Ein Abend zwischen Avantgarde, Folk und Progressive Metal
Esch also. Zweitletzte Station einer Tour, die gerade eben erst einen Tonträger in die Welt entlassen hat – und doch fühlt sich dieser Abend an, als würde man Leprous auf einer Art Zwischenstand ertappen. „Melodies of Atonement“ nennt sich der aktuelle Ritt durch Europa, ein Titel, der schwer nach Buße klingt, aber in der Rockhal eher wie eine Einladung wirkte, sich einmal gründlich freizuspülen. Interessant dabei: Während die Norweger im Frühjahr noch die große Zweiteiler-Show auffuhren, kommen sie nun mit einer bewusst abgespeckten Setlist daher. Weniger Opulenz, mehr Fokus – könnte man meinen. Oder einfach skandinavische Effizienz.
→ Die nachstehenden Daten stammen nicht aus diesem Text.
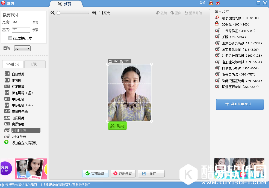 第三步、在弹出的照片界面中,点击选择“一寸证件照”,然后图片会自动出现一个一寸照片锁定边框,我们需要拉动调整图片的位置就行了。完成后,直接点击“裁剪”就可以了。

Dafür gab’s wieder das klassische Paket mit zwei Vorbands, als hätten Leprous beschlossen, wenigstens diesen Teil ihres Rituals nicht anzutasten. Zuerst durften die Finnen von Royal Sorrow das Publikum in die passende Schattierung Melancholie tauchen, bevor Gåte mit ihrem eigenwilligen Folk-Metal-Gebräu einmal mehr bewiesen, dass Norwegen musikalisch vermutlich irgendwo zwischen Fjordwasser und Hexenfeuer sozialisiert wird.
So weit, so vielversprechend – und doch lag in der Rockhal dieses unterschwellige Prickeln, dass dieser Abend mehr sein könnte als nur der vorletzte Tourstopp. Ein letzter Atemzug vor dem Finale. Ein Aufrütteln. Ein Abtauchen. Leprous eben.
Royal Sorrow
Royal Sorrow also – jene junge finnische Hoffnungstruppe, die ich seit ihrem Debüt "Innerdeeps" auf dem Schirm habe. Beim Euroblast musste ich sie noch in einem Kellerloch erleben, wo man kaum wusste, ob die stickige Luft oder die PA zuerst in die Knie geht. Umso gespannter war ich, wie ihr modern-proggiger Hybrid wohl auf einer vernünftig dimensionierten Bühne funktionieren würde. Immerhin werden sie inzwischen in einem Atemzug mit Vola, Voyager oder Tesseract genannt – PR-Hypetrain hin oder her, "Innerdeeps" hat gezeigt, dass so ein Vergleich nicht völlig aus der Luft gegriffen ist.
In der Rockhal bestätigte sich das sofort: Das Quartett wirkt auf der Bühne einfach richtig. Nicht wegen großer Effekte – davon gab es genau null – sondern wegen der offenen, energiegeladenen Bühnenpräsenz. Markus Hentunen gab den eleganten Frontmann mit klarer Körpersprache, mal expressiv, mal intensiv fokussiert. Gitarrist Tony Olsén und Bassist Eero Maijala machten den Raum mit ständiger Bewegung und viel direkter Publikumsansprache lebendig. Eine Band, die man kaum nicht gut fotografieren kann.
Musikalisch setzten Royal Sorrow den Abend mit einer klug kuratierten Setlist in Gang, die ihre Stärken hervorragend ausspielte. Dass sie mit 'Release Your Shadow' starteten – vermutlich ihrem eingängigsten Stück überhaupt – war ein kleines, aber cleveres Statement: sofort Atmosphäre, sofort Melodie, sofort Publikum auf Betriebstemperatur.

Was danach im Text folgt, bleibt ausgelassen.